The OpenVINO performance hints are the new way to configure the performance with the portability in mind. Performance Hints will let the device to configure itself, rather than map the application needs to the low-level performance settings, and keep an associated application logic to configure each possible device separately.

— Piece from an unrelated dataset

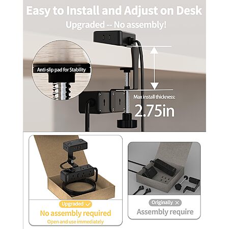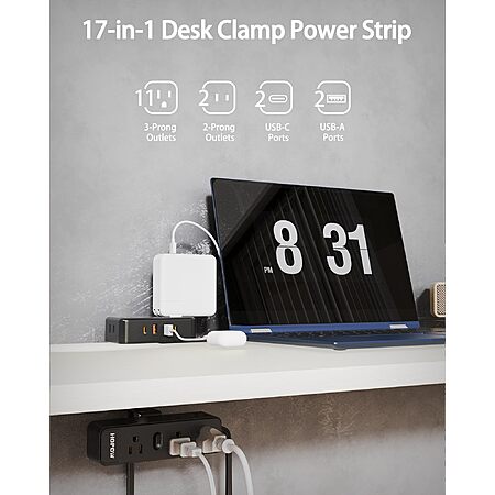 HOPOW Dual Layer Desk Clamp Power Strip w/ 13 Outlets + 2 USB Ports (2x USB-C, 2x USB-A) $32.99 + Free Shipping w/ Prime or on $35+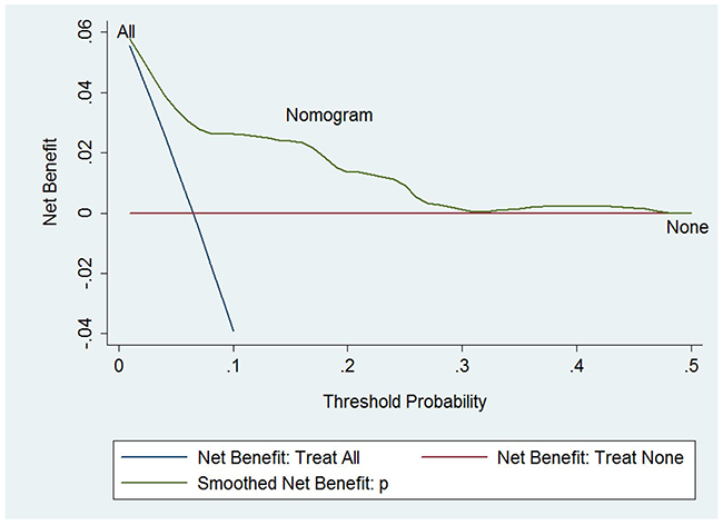 Figure 4: Decision curve analysis. The treatment strategy was superior if it showed the highest value compared to the two simple strategies (i.e., performing screening for all patients (sloping solid line) or no patients (horizontal solid line)). For example, the value of net benefits would be 0.03 if we selected 10% as the cutoff value, suggesting that the nomogram would theoretically identify approximately 3 patients with GCTB lung metastasis among one hundred patients compared with simple observation, without adding any unnecessary tests (false positives).

High-level Performance Hints: https://docs.openvino.ai/latest/openvino_docs_OV_UG_Performance_Hints.html

Run Inference with “LATENCY” Performance Hint

It is possible to define application-specific performance settings with a config key, letting the device adjust to achieve better LATENCY oriented performance.

loop = 100
# AUTO sets device config based on hints
compiled_model = ie.compile_model(model=model, device_name="AUTO", config={"PERFORMANCE_HINT": "LATENCY"})
infer_queue = AsyncInferQueue(compiled_model)
# implement AsyncInferQueue Python API to boost the performance in Async mode
infer_queue.set_callback(callback)
# run infernce for 100 times to get the average FPS
start = time.time()
for i in range(loop):
    infer_queue.start_async({input_layer.any_name: test_image}, i)
infer_queue.wait_all()
end = time.time()
# Calculate the average FPS
fps = loop / (end - start)
print("throughput: {:.2f} fps".format(fps))
first inference latency: 13.06 ms
class name: Labrador_retriever, probability: 0.59148
class name: flat-coated_retriever, probability: 0.11678
class name: Staffordshire_bullterrier, probability: 0.04089
class name: Newfoundland, probability: 0.02689
class name: Tibetan_mastiff, probability: 0.01735
throughput: 116.84 fps

Run Inference with “TRHOUGHPUT” Performance Hint

It is possible to define application-specific performance settings with a config key, letting the device adjust to achieve better THROUGHPUT performance.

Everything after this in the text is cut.